FIG. 1 is a plan view of a rear wheel steering mechanism according to an embodiment of the present invention, FIG. 2 is a sectional view taken along the line nn of FIG. 1, and FIG. 3 is a cam body and rotation according to an embodiment. Move the roller to ■- in Figure 1.
■A schematic diagram illustrating the action of the cam mechanism as seen from the direction of the line arrow; FIG. 4 is a graph showing an example of a rear wheel turning pattern showing the relationship between the rear wheel turning angle and the steering angle in the embodiment; FIG. 5 is a diagram schematically showing the overall configuration of a four-wheel steering vehicle in which the rear wheel steering mechanism according to the embodiment is adopted, and FIG. 6 is another aspect of the arm connection body and the arm member of the rear wheel steering member.

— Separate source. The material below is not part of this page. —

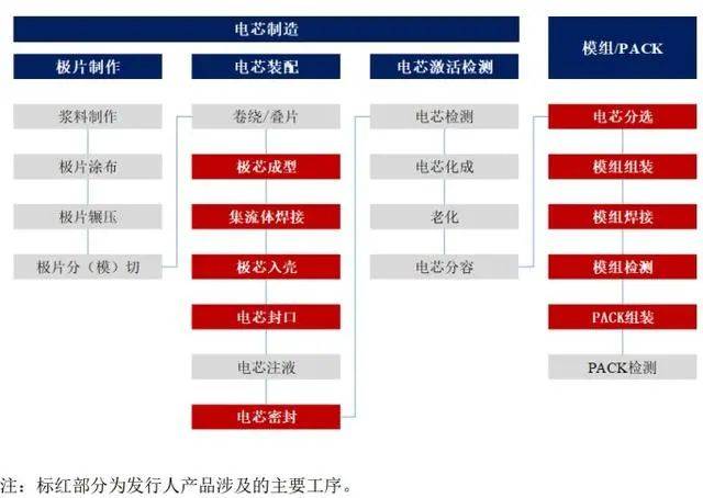 按照應用領(lǐng)域劃分,公司主營產(chǎn)品可分為鋰電池制造設(shè)備(以下簡稱“鋰電設(shè)備”)及其他領(lǐng)域制造設(shè)備,其中鋰電設(shè)備收入占比較高。鋰電池的生產(chǎn)可分電芯制造和模組/PACK 兩大環(huán)節(jié),其中電芯制造包含極片制作(前段)、電芯裝配(中段)和電芯激活檢測(后段)三大工序。公司鋰電設(shè)備產(chǎn)品主要用于電芯裝配階段和模組/PACK 階段,具體情況如下:

FIG. 8... Power shaft, 9... Cam body, ) 0... Arm member, l[... Arm connection body, 12... Camfo+17 (rotating roller), 19... Rear wheel steering mechanism Shrine (
Quirod), 20...Cam follower movement allowable surface (
-th concave surface part), 21... cam surface (second cam surface), 22
... cam surface (first cam surface), 23... cam roll lower f hyperactivity allowing surface portion (second concave surface portion). 191 people Daihatsu Motor Co., Ltd. Figure 2

Claims (1)

[Claims] (1) An input shaft extending in the longitudinal direction or vertical direction of the vehicle; A cam body connected to the input shaft and rotated around its axis by rotation of the input shaft; a pair of arm members facing in the width direction, supported so as to be swingable in the vehicle width direction, and extending in the longitudinal direction or the vertical direction of the vehicle, supporting a cam follower that abuts the cam face of the cam body at an intermediate portion; an arm connecting body that is connected to a pair of arm members at both ends thereof at a position away from the center of swing thereof and extends in the vehicle width direction between the pair of arm members, the cam face of the cam body being capable of neutral rotation; A cam surface that pushes the cam follower outward in the vehicle width direction when rotated from the position, and a cam follower that allows the cam follower to move inward in the vehicle width direction at a portion opposite to the cam surface across the rotation axis. It has a movement permitting surface portion, and
Rear wheel steering members are arranged at both ends of the arm connection body so as to be aligned substantially on the same axis in the vehicle width direction,
A rear wheel steering mechanism characterized by being connected to each other.